80 A. 614, 115 Md. 36, 1911 Md. LEXIS 119
CourtCourt of Appeals of Maryland
DecidedFebruary 3, 1911
StatusPublished
Cited by3 cases

This text of 80 A. 614 (Kensington Rwy. Co. v. Moore) is published on Counsel Stack Legal Research, covering Court of Appeals of Maryland primary law. Counsel Stack provides free access to over 12 million legal documents including statutes, case law, regulations, and constitutions.

Bluebook
Kensington Rwy. Co. v. Moore, 80 A. 614, 115 Md. 36, 1911 Md. LEXIS 119 (Md. 1911).

Opinion

Thomas, J.,

delivered the opinion of the Court.

In 1894, the Chevy Chase and Kensington Electric Rail1 way Company of Montgomery County, Maryland, proposing to build an electric road from Chevy Chase Lake to Kensington, in Montgomery County, obtained from Alfred Ray and his wife, who owned a farm or tract of land containing four hundred and sixty acres, more or less, the following deed:

“This indenture, made this thirteenth day of September, 1894, between Alfred Ray and Eleanor Ray, his wife, of the first part and the Chevy Chase and Kensington Electric Railway Company of' Montgomery County, Maryland, of the second part:
“Witnesseth, that the said parties of the first part, of the State of Maryland and county of Montgomery, the subscriber hereto, in consideration that the Chevy Chase and Kensington Electric Railwáy Company, does locate its railway through, in and upon lands owned by the said" party of the first part in Montgomery County, State of Maryland, and in further consideration of the sum of one dollar to us in hand paid by the said party of the second part, the receipt whereof is hereby acknowledged, do hereby grant, bargain, sell, covenant and convey to the said party of the second part, its agents, attorneys, successors or assigns, a strip of land twenty-five feet in width, and such additional width as may be required in the construction and use of said railway at cuttings and embankments and also for side-tracks and turn-outs, as the same shall be finally locatéd and extending in length as far as the said railway shall pass over said lands; together with the right to direct and bridge streams of water for railway purposes and to take and use any stone or timber or other materials within the limits of said strip *38 of land. The land hereby conveyed is particularly described as follows,” etc., etc.:

The land of which the right of way described in said deed was a part was conveyed, in 1908, to the National Savings and Trust Company, one of the appellees,. and it is alleged in the bill and admitted' in the answer filed in the case, that Clarence Moore, the other appellee, is the equitable owner thereof.
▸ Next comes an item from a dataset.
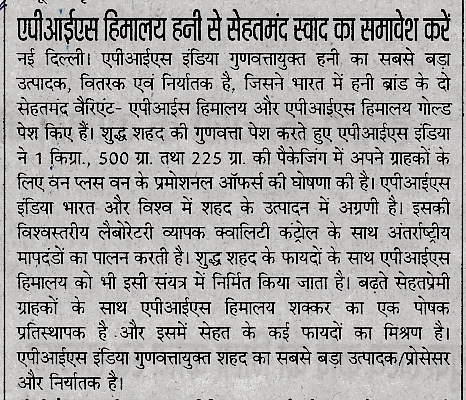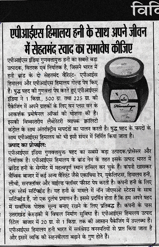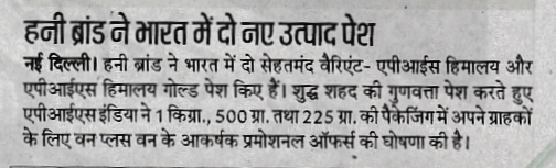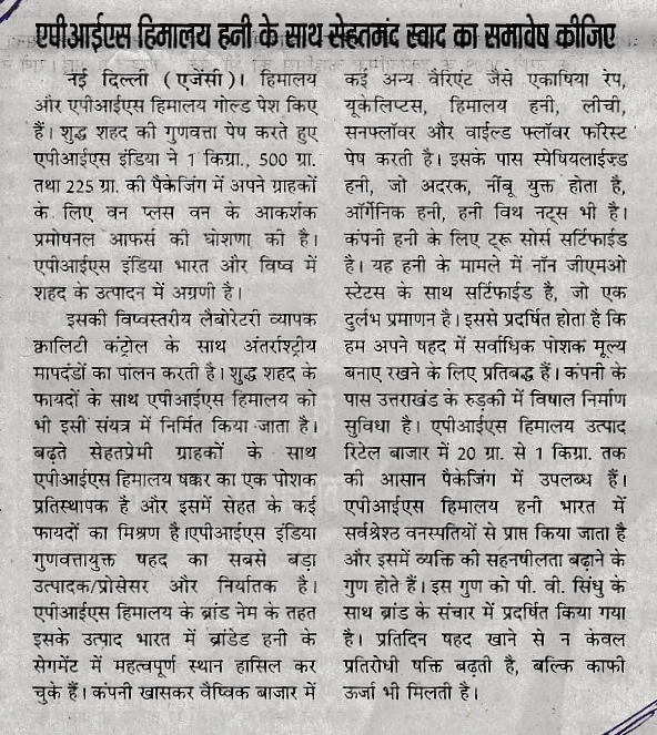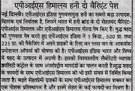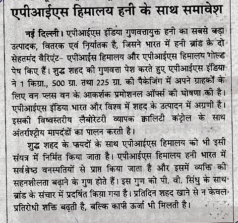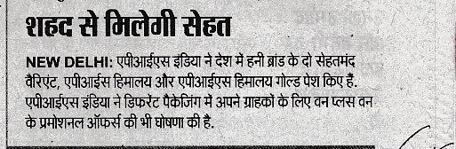 Recent Published Articles in News Papers & Magazines – Apis Himalaya Honey & Gold Honey :-

The road, with a turnout and sidetrack two hundred feet “long from switch point to switch point,” and about sixty “feet between clearance points,” was located and constructed on the land described in said deed from Ray and wife, and was completed in 1894.
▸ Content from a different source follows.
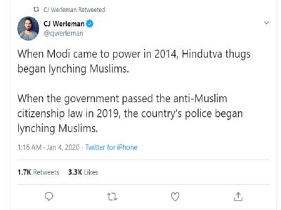 तो कुछ यूजर्स ने देश में हिंदू-मुस्लिम दंगों पर भी मोदी सरकार की आलोचना की है। एक वैरिफाइड यूजर का कहना है, ''पीएम मोदी 2014 से जब से सत्ता में आए हैं तब से 'हिंदुत्व के ठग' मुस्लिमों की लिंचिंग करने में लगे है''

At the time the appellees became the purchasers of the Ray farm, there had been no change in the location of the road or turnout and sidetrack, and they remainded as originally constructed from 1894 until sometime in 1909 or 1910, when the appellant, as the assignee of the property, rights, etc., of the Chevy Chase and Kensington Railway Company of Montgomery County, and with the view of extending the road and providing for additional business, began the construction of another turnout and sidetrack on the farm of the appellees, outside of and “adjoining the twenty-five foot strip of land conveyed by said deed from Alfred Ray.”

The bill was filed in the Court below to enjoin the construction of another turnout and sidetrack on the appellees’ land, and the. appeal in this case is from the decree of that Court granting the injunction.

The record presents but one important question, and its solution depends upon the proper construction of the deed from Alfred Ray and wife, and. particularly of that part of the deed which describes the subject of the grant as “a strip of land twenty-five feet in width, and such additional width as may be required in the construction and use of said railway at cuttings and embankments and also for sidetracks and turnouts, as the same shall be finally located,” etc. Whether *39 the word “same” refers to the track of the railway, or to the turnouts and sidetracks, or to the track and turnouts and sidetracks, can make no difference, for in either case the grant, so far as it relates to the turnouts and sidetracks, is of so much land, in addition to the twenty-five feet strip, as may he required “for sidetracks and turnouts, as the same (the track, the sidetracks and turnouts, or the track and sidetracks and turnouts), shall he finally located,” and the important inquiry is as to the meaning of the words “finally located.”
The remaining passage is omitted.